▶ [TASK TO COMPLETE]
An exact copy of the listing below is needed, with no pictures in it.

STORED DATA Block Start

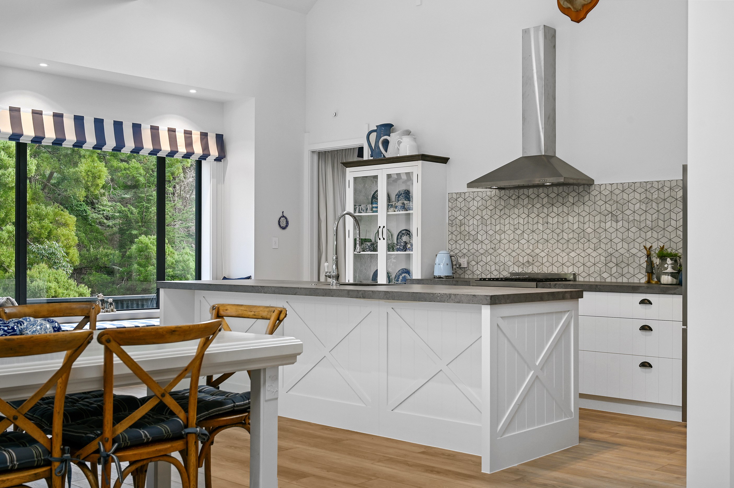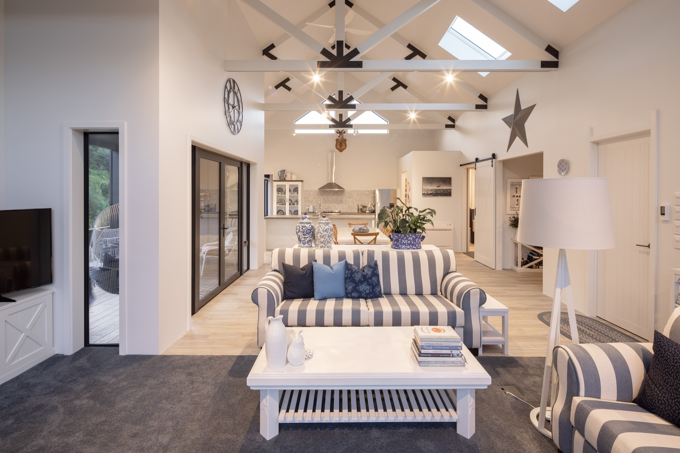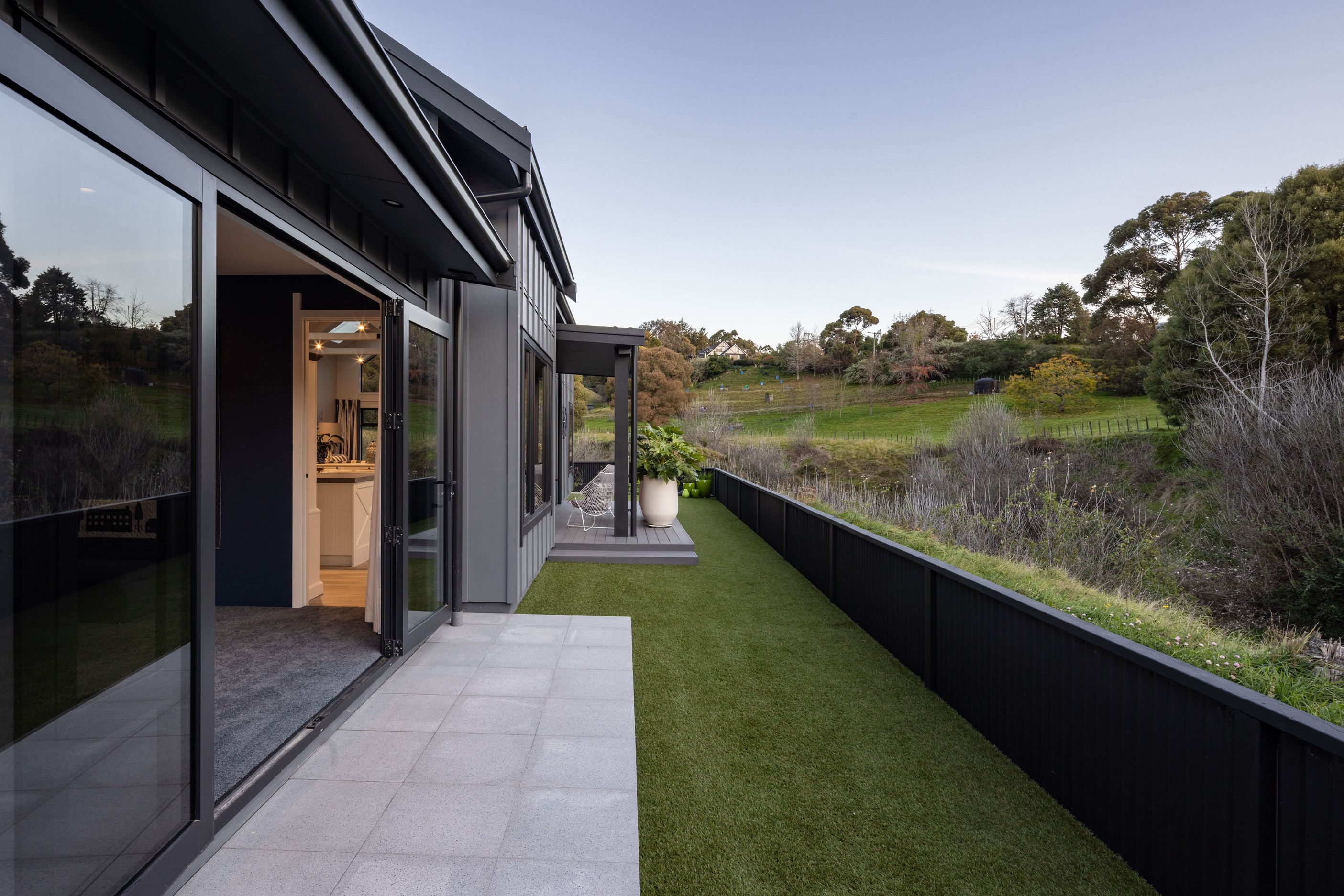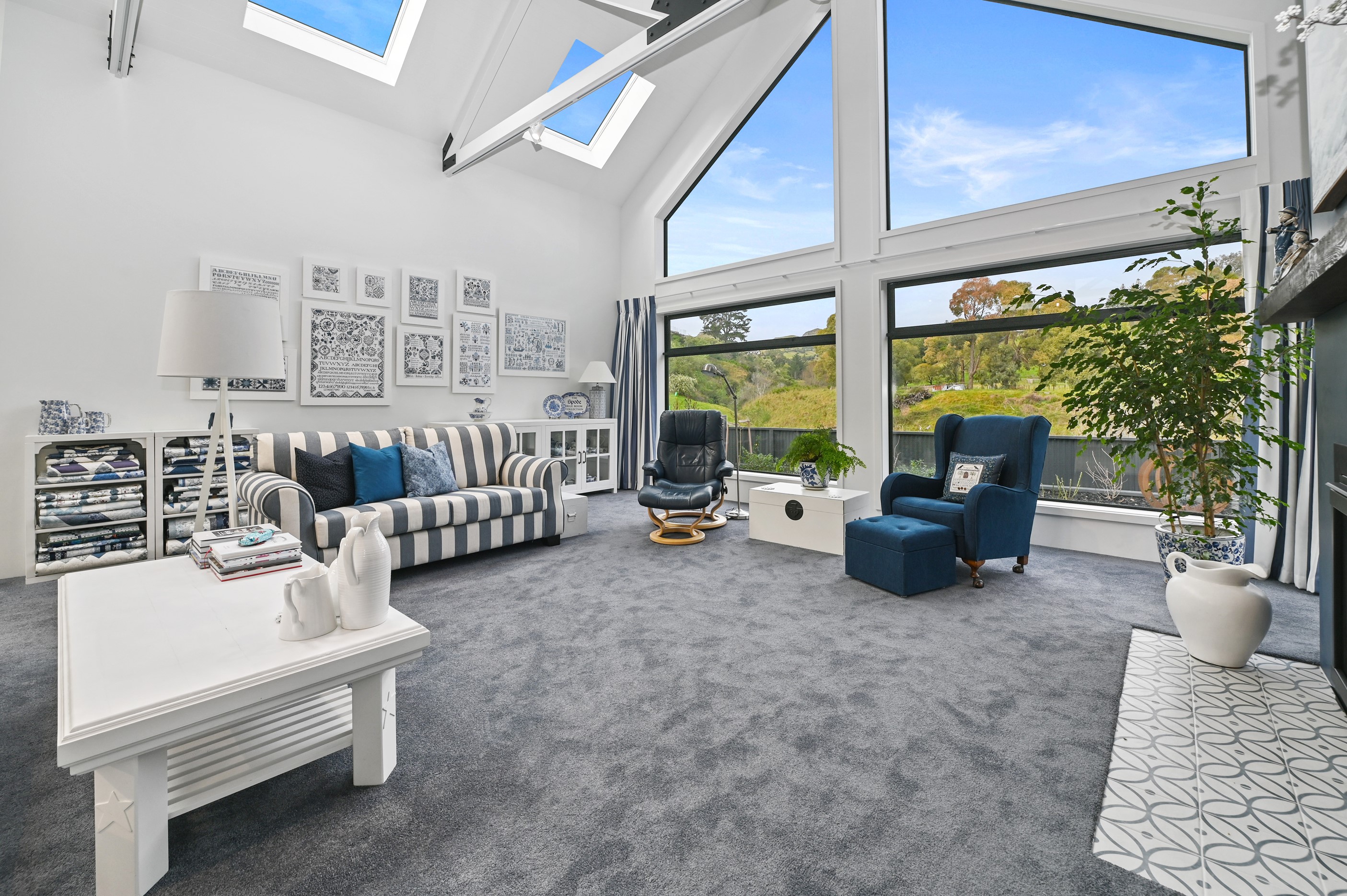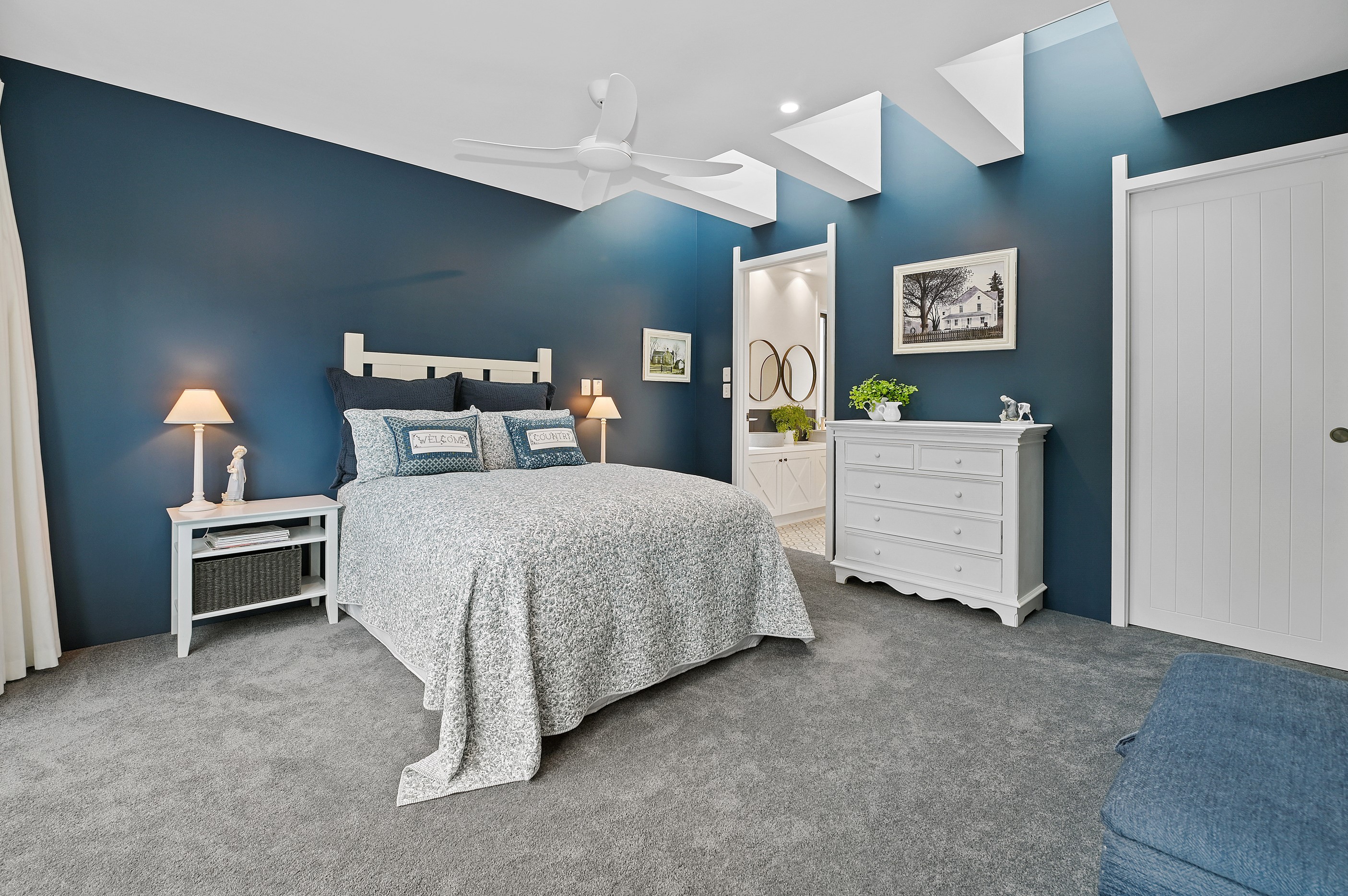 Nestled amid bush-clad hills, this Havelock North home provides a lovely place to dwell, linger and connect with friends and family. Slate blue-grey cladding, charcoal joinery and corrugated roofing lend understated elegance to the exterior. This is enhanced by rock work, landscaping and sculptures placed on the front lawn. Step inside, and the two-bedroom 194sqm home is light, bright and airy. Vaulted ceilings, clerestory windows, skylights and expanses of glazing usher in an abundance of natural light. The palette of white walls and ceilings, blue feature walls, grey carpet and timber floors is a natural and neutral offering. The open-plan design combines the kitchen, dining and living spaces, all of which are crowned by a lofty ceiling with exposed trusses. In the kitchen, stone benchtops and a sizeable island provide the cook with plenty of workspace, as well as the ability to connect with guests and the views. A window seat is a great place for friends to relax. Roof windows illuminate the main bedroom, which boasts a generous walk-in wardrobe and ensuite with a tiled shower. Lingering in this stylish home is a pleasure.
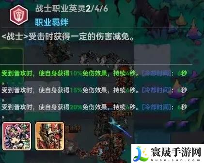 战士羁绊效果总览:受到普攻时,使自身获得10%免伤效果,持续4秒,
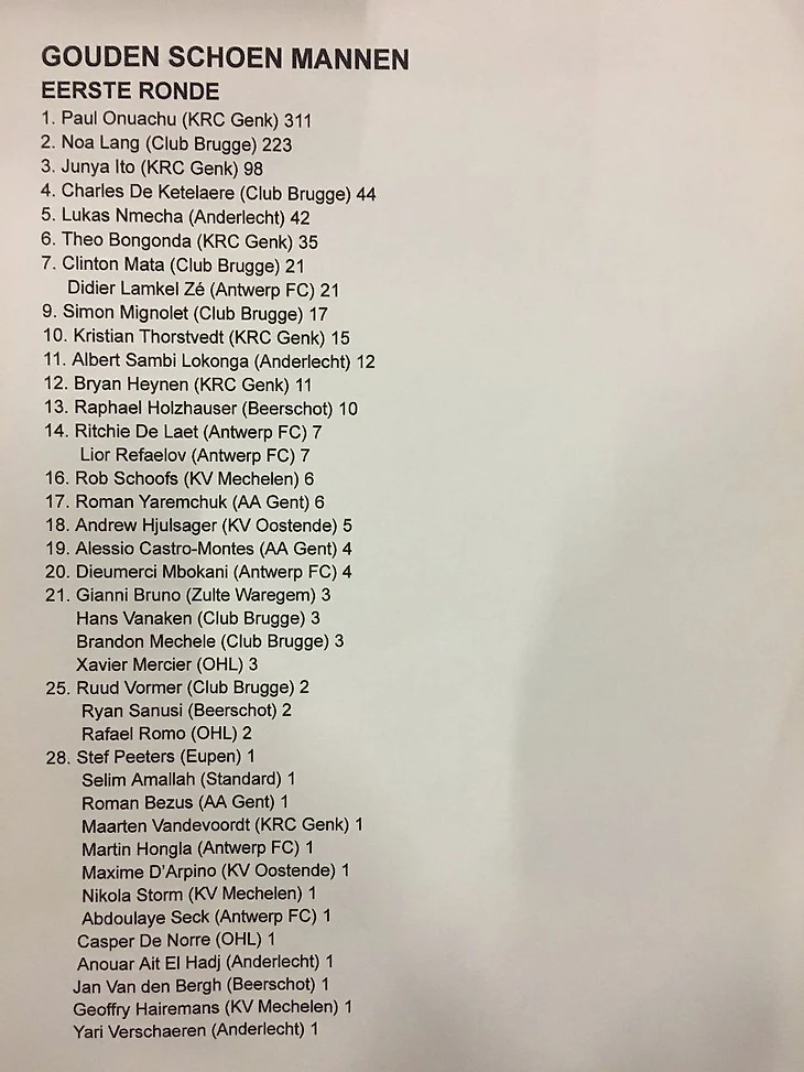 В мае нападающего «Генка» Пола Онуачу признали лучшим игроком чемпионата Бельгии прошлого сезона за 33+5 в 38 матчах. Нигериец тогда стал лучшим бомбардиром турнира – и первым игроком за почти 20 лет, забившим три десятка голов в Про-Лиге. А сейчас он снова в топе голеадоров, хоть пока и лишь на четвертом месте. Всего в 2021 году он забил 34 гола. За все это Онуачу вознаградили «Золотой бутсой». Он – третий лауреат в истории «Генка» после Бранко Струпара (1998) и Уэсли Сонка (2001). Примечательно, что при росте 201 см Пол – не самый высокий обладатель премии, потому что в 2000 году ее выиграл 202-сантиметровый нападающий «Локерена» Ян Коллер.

STORED DATA Block End

▶ [ANSWER SECTION]
 Nestled amid bush-clad hills, this Havelock North home provides a lovely place to dwell, linger and connect with friends and family. Slate blue-grey cladding, charcoal joinery and corrugated roofing lend understated elegance to the exterior. This is enhanced by rock work, landscaping and sculptures placed on the front lawn. Step inside, and the two-bedroom 194sqm home is light, bright and airy. Vaulted ceilings, clerestory windows, skylights and expanses of glazing usher in an abundance of natural light. The palette of white walls and ceilings, blue feature walls, grey carpet and timber floors is a natural and neutral offering. The open-plan design combines the kitchen, dining and living spaces, all of which are crowned by a lofty ceiling with exposed trusses. In the kitchen, stone benchtops and a sizeable island provide the cook with plenty of workspace, as well as the ability to connect with guests and the views. A window seat is a great place for friends to relax. Roof windows illuminate the main bedroom, which boasts a generous walk-in wardrobe and ensuite with a tiled shower. Lingering in this stylish home is a pleasure.
 战士羁绊效果总览:受到普攻时,使自身获得10%免伤效果,持续4秒,
 В мае нападающего «Генка» Пола Онуачу признали лучшим игроком чемпионата Бельгии прошлого сезона за 33+5 в 38 матчах. Нигериец тогда стал лучшим бомбардиром турнира – и первым игроком за почти 20 лет, забившим три десятка голов в Про-Лиге. А сейчас он снова в топе голеадоров, хоть пока и лишь на четвертом месте. Всего в 2021 году он забил 34 гола. За все это Онуачу вознаградили «Золотой бутсой». Он – третий лауреат в истории «Генка» после Бранко Струпара (1998) и Уэсли Сонка (2001). Примечательно, что при росте 201 см Пол – не самый высокий обладатель премии, потому что в 2000 году ее выиграл 202-сантиметровый нападающий «Локерена» Ян Коллер.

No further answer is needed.